The 64th JSAP Spring Meeting, 2017

Presentation information

Oral presentation

12 Organic Molecules and Bioelectronics » 12.6 Nanobiotechnology

[17a-F206-1~12] 12.6 Nanobiotechnology

Fri. Mar 17, 2017 9:00 AM - 12:15 PM F206 (F206)

Ryugo Tero(Toyohashi Univ. of Tech.), Tomohiro Hayashi(Titech)

11:00 AM - 11:15 AM

[17a-F206-8] Automated analyses and knowledge derivations of fragment molecular orbital calculations

Yuji Mochizuki1,2, Yuto Komeiji3, Mayu Fujimoto1, Sona Saitou1, Jun Iijima1, Hideo Doi1, Tsuyoshi Iyama1, Akira Okusawa4, Takeshi Makimura4, Takaya Nakanishi4, Kaori Fukuzawa5, Shigenori Tanaka6 (1.Rikkyo Univ., 2.Univ. Tokyo, 3.AIST, 4.Knowledge Communication Co Ltd, 5.Hoshi Univ., 6.Kobe Univ.)

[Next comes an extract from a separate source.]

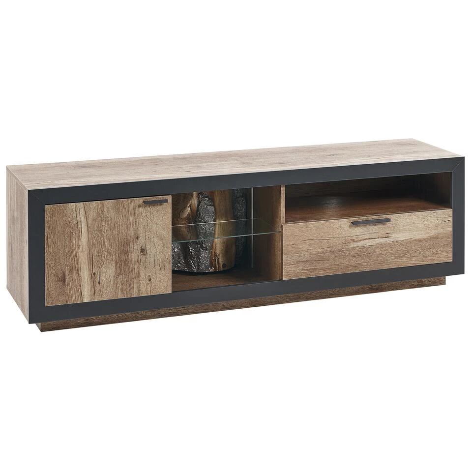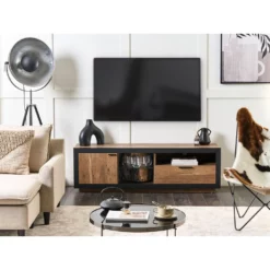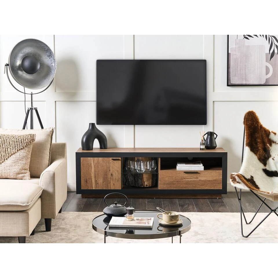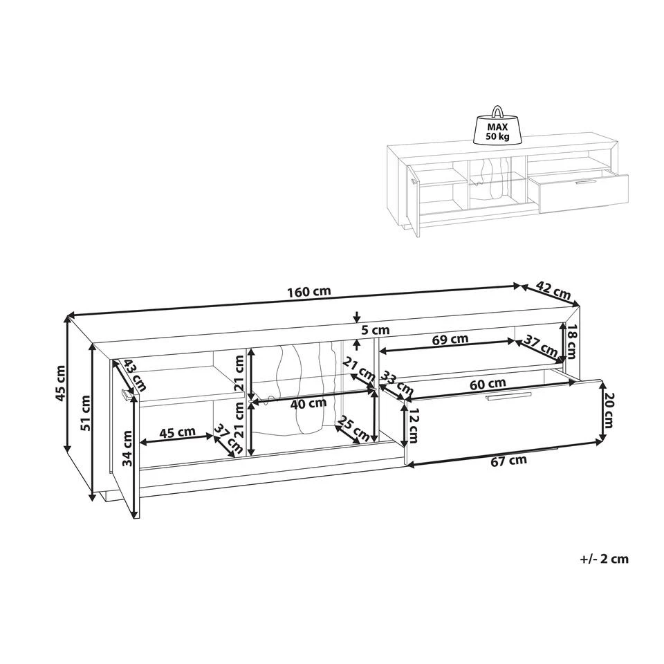 Kast met lade en verlichting voor een TV tot 55”. Breng stijl en een rustieke sfeer in je woonkamer met dit tv-meubel. De kast heeft een aandacht trekkende, kunstmatige boomstronk in het midden, die wordt geleverd met een LED-lampje – hierdoor kun je je kamer verlichten met aangenaam omgevingslicht. Bovendien kan het licht ook worden aangepast met behulp van een afstandsbediening – de helderheid kan naar boven of naar beneden worden ingesteld. Voor de stronk zit een glazen plank waarop je je favoriete decoraties of foto’s kunt uitstallen. Daarnaast heeft het meubel ook andere opbergruimte – een ruime lade en een kast met extra plank. Het is een geweldig idee om een tv op het meubel te plaatsen, aangezien de standaard een opening voor kabelbeheer heeft, zodat je al je kabels gemakkelijk kunt ordenen. Ten slotte vereist het stuk eenvoudig onderhoud en hoeft het niet dagelijks te worden schoongemaakt om vele jaren mee te gaan, omdat het is gemaakt van hoogwaardig MDF.

Keywords:Fragment Molecular Orbital (FMO) calculations, Machine Learning

The inter-fragment interaction energies (IFIEs) are of the most useful quantity to grasp the nature of interactions among amino acid residues in the target protein calculated by the fragment molecular orbital (FMO) method. When the number of sample structure grows, the manual understanding of IFIE should become hard. Thus, we have been developing the machine learning-assisted automatic characterization with the MS Azure environment. Furthermore, Google’s TensorFlow as a representative deep-learning tool has been used to analyze the IFIE-map which is a two-dimensional visualization of IFIE values. In this presentation, we will present a summary of these researches and address the future directions.